Abstract

Background and aim: Whole lung lavage (WLL) is an effective therapy for autoimmune pulmonary alveolar proteinosis (APAP). The aim of this study is to clarify the prognostic factors after WLL in APAP, especially focusing on serum biomarkers. Subjects and Methods: 21 patients had been treated by WLL (total 26 laveges) in our institution from 2001 to 2015, as our prospective consecutive cohort of PAP. We measured serum biomarkers levels (KL-6, SP-D, SP-A, CEA, CYFRA, anti GM-CSF autoantibody) before (baseline levels) and one month after WLL. We analyzed the baseline biomarkers and the % decline of each biomarker (baseline and one month after WLL), changes of disease severity score (DSS) defined by AaDO 2 , efficacy of WLL defined by improvement of DSS, and recurrence-free survival (RFS) afterwards.
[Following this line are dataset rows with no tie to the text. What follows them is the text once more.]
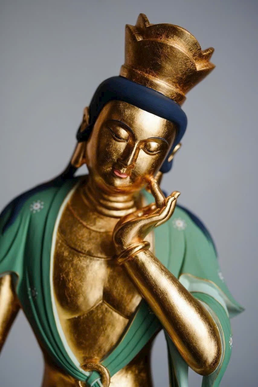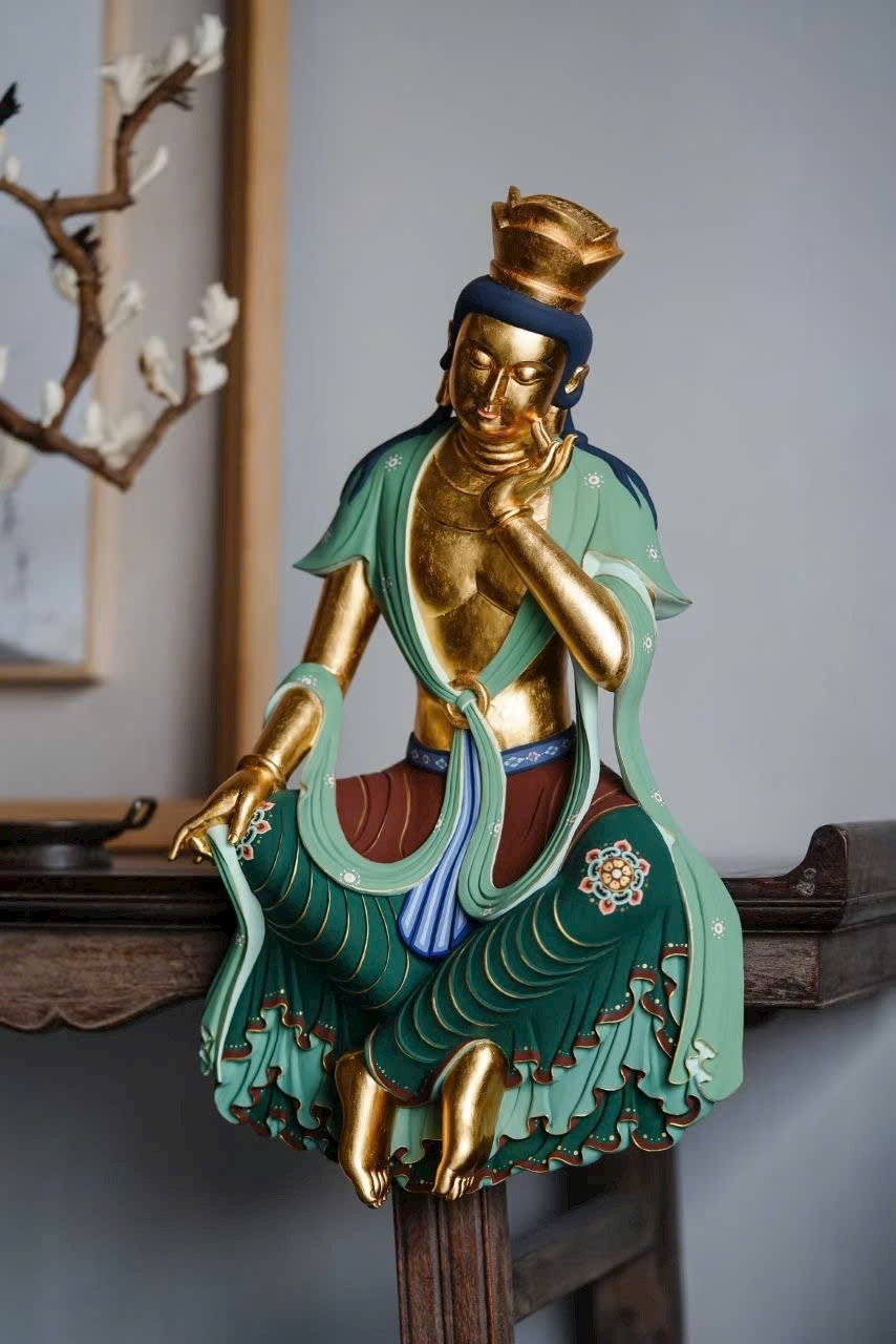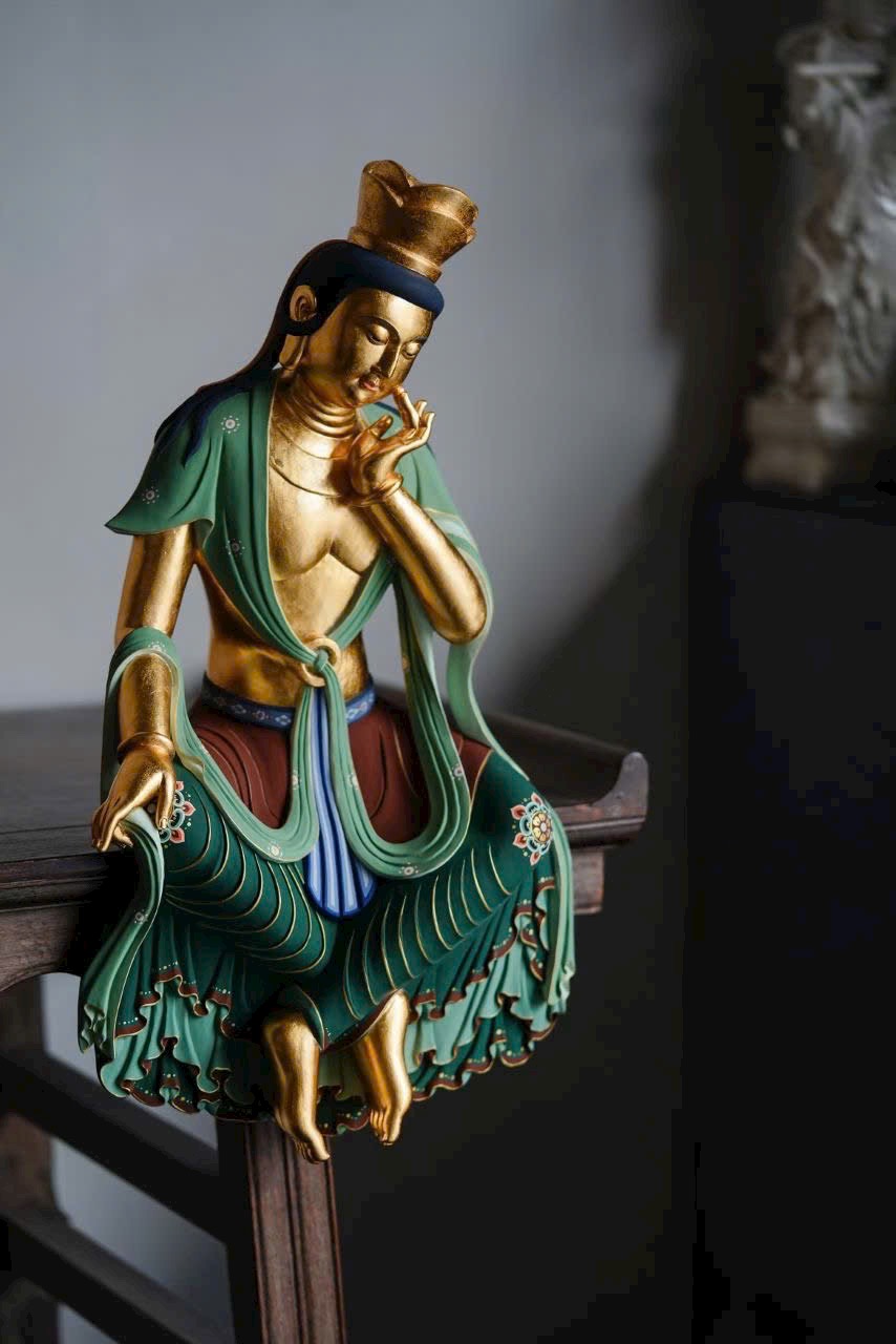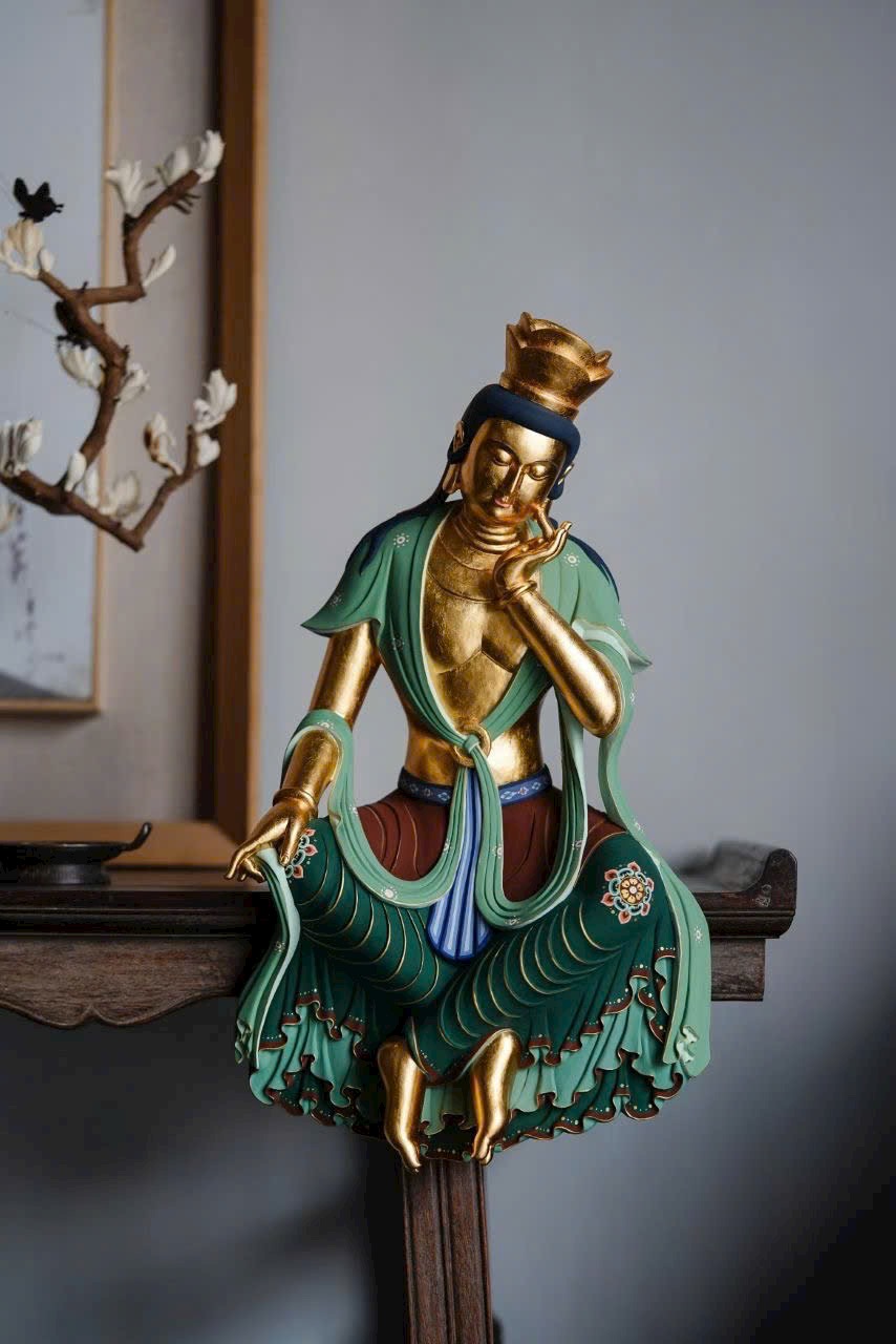 Tác phẩm phỏng theo phong cách nghệ thuật cổ Bắc Ngụy, chạm khắc tinh tế. Ánh kim thếp vàng rực rỡ, Di Lặc Bồ Tát nghiêng đầu chống tay, thần thái an nhiên trầm mặc. Dáng ngồi thư thái thanh tú, hoa văn áo choàng vẽ màu uyển chuyển tầng tầng lớp lớp như sóng nước, lan tỏa cảm giác thanh tịnh và yên hòa, làm tăng thêm vẻ trang nhã và an lạc cho không gian trưng bày.
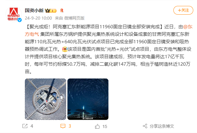 [国资小新]聚光成炬!阿克塞汇东新能源项目11960面定日镜全部安装完成
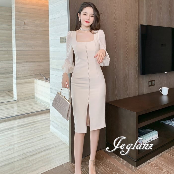 2色 パーティ ドレス ワンピース ボタン スリット入り 肌透け(M6241)ζ
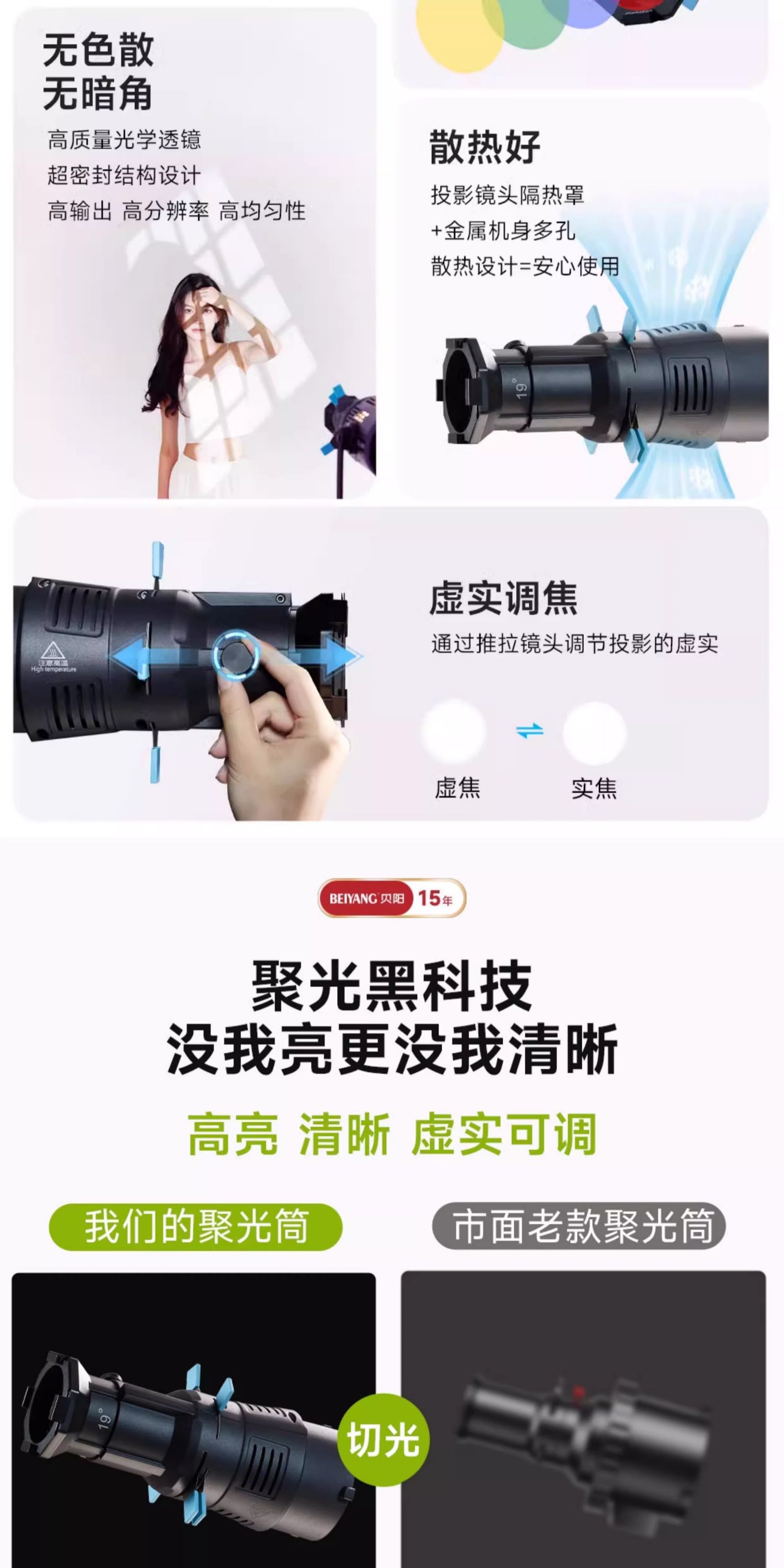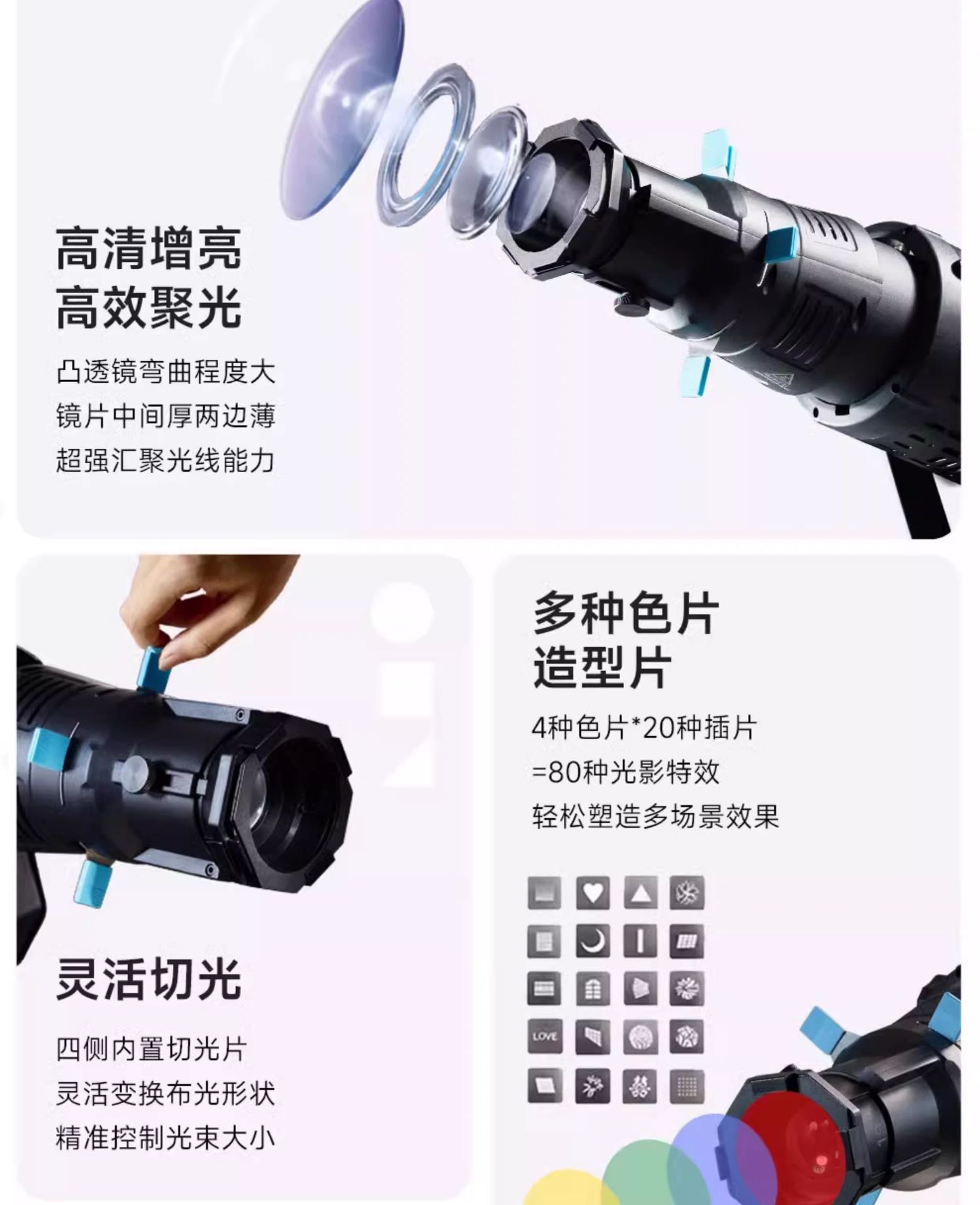 贝阳摄影聚光筒调焦束光筒保荣卡口切光筒切片控光成像镜头猪嘴聚光筒造型灯LED摄影灯投影插片闪光灯造型片

Recurrence was defined by additional treatment or admission after WLL. Result: Baseline characteristics (M/F; 14/7, median age; 51.9 y.o., median DSS; 3, median % FVC: 77.0%, and median %DLco: 44.4%) had no significant relationship with efficacy or RFS time. Efficacy of WLL was predicted by baseline SP-A levels, delta SP-D, SP-A, CEA and CYFRA (Logistic analysis: p=0.0461, 0.0276, 0.0151, 0.0012, and 0.0040, respectively). RFS time was significantly longer in the patients with larger delta of CEA (cut-off level: 44.4%) and CYFRA (cut-off level: 56.6%) than the patients with smaller delta of the each biomarker (p=0.0212, p=0.0477, respectively). Serum levels of KL-6 and anti GM-CSF antibody had no significant relationship with efficacy of WLL and RFS time. Conclusion: Delta biomarkers levels, especially CEA and CYFRA, can predict efficacy of WLL and recurrence of APAP after WLL.